Part Nine – Conclusion
[64] A final order shall go on the following terms:
a) Based on an imputed income of $35,000 per annum, the father shall pay the mother the guideline table amount of child support for one child of $303 per month, starting on February 1, 2013.
b) Based on an income of $45,656 per annum, the father shall pay the mother the guideline table amount of child support for one child of $413 per month, starting on October 1, 2013.
c) The father shall pay the mother 50% of the child's childcare expense, from February 1, 2013, fixed in the sum of $159.13 per month.
d) The child support arrears created by this order are set at $5,984 (subject to a reduction for any payments received from the father since October 1, 2013, as reflected in the records of the Family Responsibility Office, or any other payments since February 1, 2013 acknowledged in writing by the mother).
e) The father shall be entitled to repay the child support arrears at the rate of $125 per month, starting on February 1, 2014, until they are repaid.

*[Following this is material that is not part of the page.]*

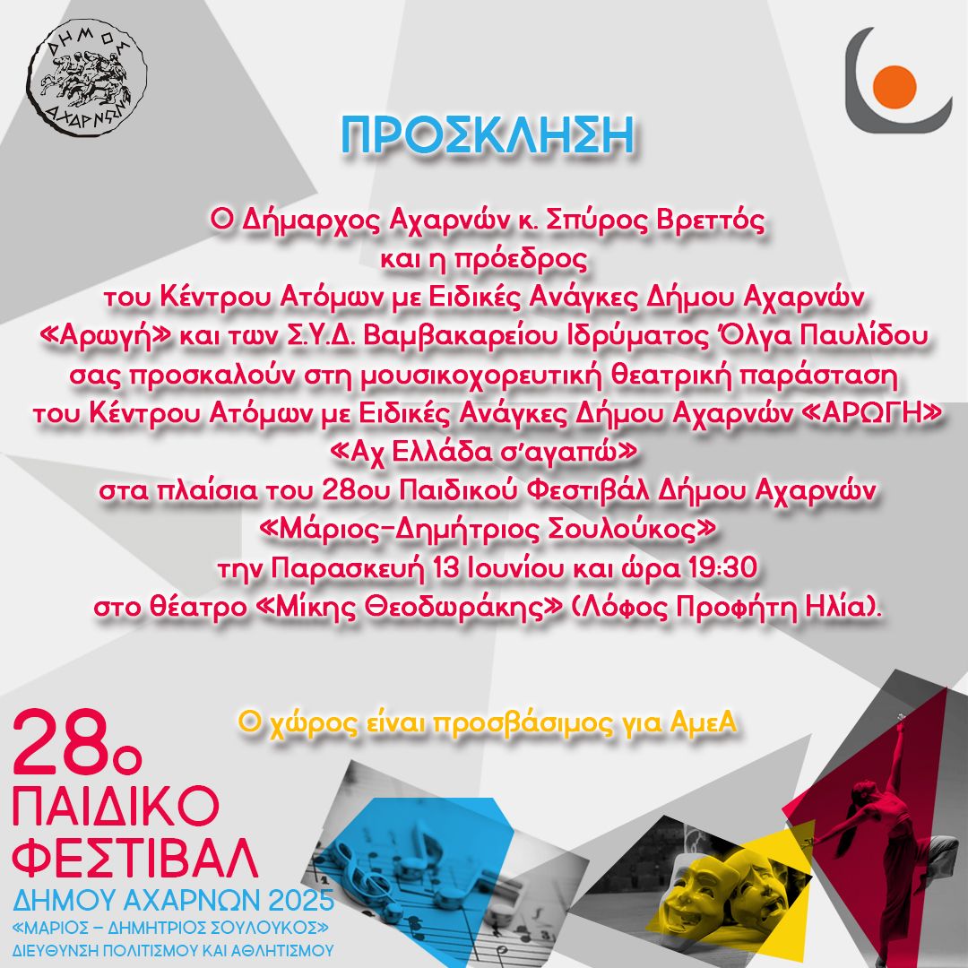 - Μουσικοχορευτική παράσταση «Αχ Ελλάδα σ΄αγαπώ» από το ΚΔΑΠ ΑΜΕΑ «ΑΡΩΓΗ» Επιμέλεια: Κυριακοπούλου Ευαγγελία

However, if he is more than 30 days late in making any ongoing or arrears support payments, the entire amount of arrears shall immediately become due and payable.
f) Nothing in this order precludes the Family Responsibility Office from collecting the arrears from any government source (such as HST or income tax refunds) or lottery or prize winnings.
g) The parties are to exchange their complete income tax returns, notices of assessment, and section 7 special expense receipts for the previous calendar year by June 15th of each year.
h) A support deduction order shall issue.
i) The mother's claim for the father to cover the child on a medical, dental and extended health benefits plan is dismissed.
[65] Lastly, the court wants to thank Mr. McClean, acting as duty counsel, who did an excellent job assisting the father in the presentation of his evidence.